Over the past two months, Apple’s market capitalisation (ie its value as measured by the stock market) averaged out at $229.8bn.

The corresponding figure for Microsoft was $215.9bn. And yes, you read those numbers correctly: Apple is now worth significantly more than Microsoft, and the difference isn’t just a flash in the Wall Street pan.

This has implications for all of us who follow these things. The mainstream media, for example, need to discard the rose-tinted spectacles through which they have viewed Apple ever since Steve Jobs returned to the helm in 1997. Apple is no longer the Lucky Little Company That Could but a looming, secretive, manipulative corporate giant.

Recent developments suggest that Apple itself also needs to adjust to its new status as just another company…

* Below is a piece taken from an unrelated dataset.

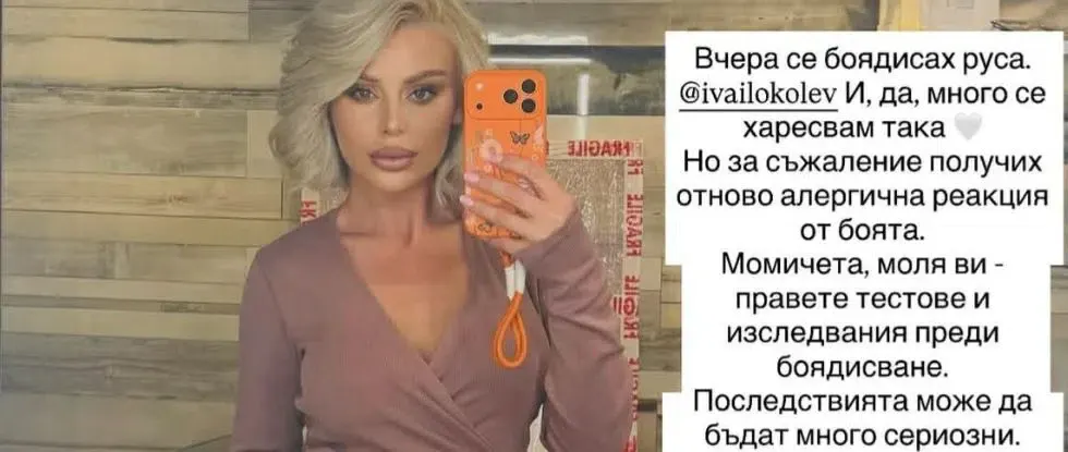 „Вчера се боядисах и много харесвам цвета на косата си. Но получих отново алергична реакция от боята“, написа Светлана в профила си, като не скри, че ситуацията била критична.
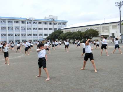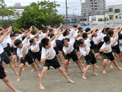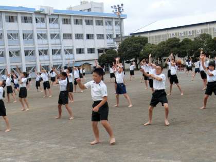 5・6年生が組体操とソーラン節の最終リハーサルをしていました。本番を明日に控え気合いが入っています。

Apropos the Microsoft comparison, Randall Stross has a useful piece in today’s NYT. Microsoft continues to be a formidable company, but from the viewpoint of investors it’s become more like GE or Big Oil (excepting BP, perhaps) — a good ‘banker’ stock for a part of one’s pension portfolio.

Jobs: Great unwashed don’t need PCs

Hmmm… This from TechEye.

It is official: Steve Jobs no longer thinks that PCs are going to be that important.

Speaking at the D8 conference, the Apple supremo said the day is coming when only one out of "every few people" will need a traditional computer.

For evidence he said that when the US was an agrarian nation, all cars were trucks because that's what you needed on the farms.

"Cars became more popular as cities rose, and things like power steering and automatic transmission became popular," he said.

He thinks that PCs are going to be like trucks. They are still going to be around… but only "one out of x people will need them."

Of course x is an unknown figure so Jobs is hedging his bets a bit. He could mean that only one in ten people will need one or one in two. It is a moot point if very many people need one now, but whether or not they own one is another matter.

Jobs claimed that advances in chips and software will allow tablet devices like the iPad to do tasks that today are really only suited for a traditional computer, things like video editing and graphic arts work.

He said that the move will make many PC veterans uneasy, "because the PC has taken us a long way."

"We like to talk about the post-PC era, but when it really starts to happen, it's uncomfortable," he said.

Needless to say, Ray Ozzie doesn’t agree.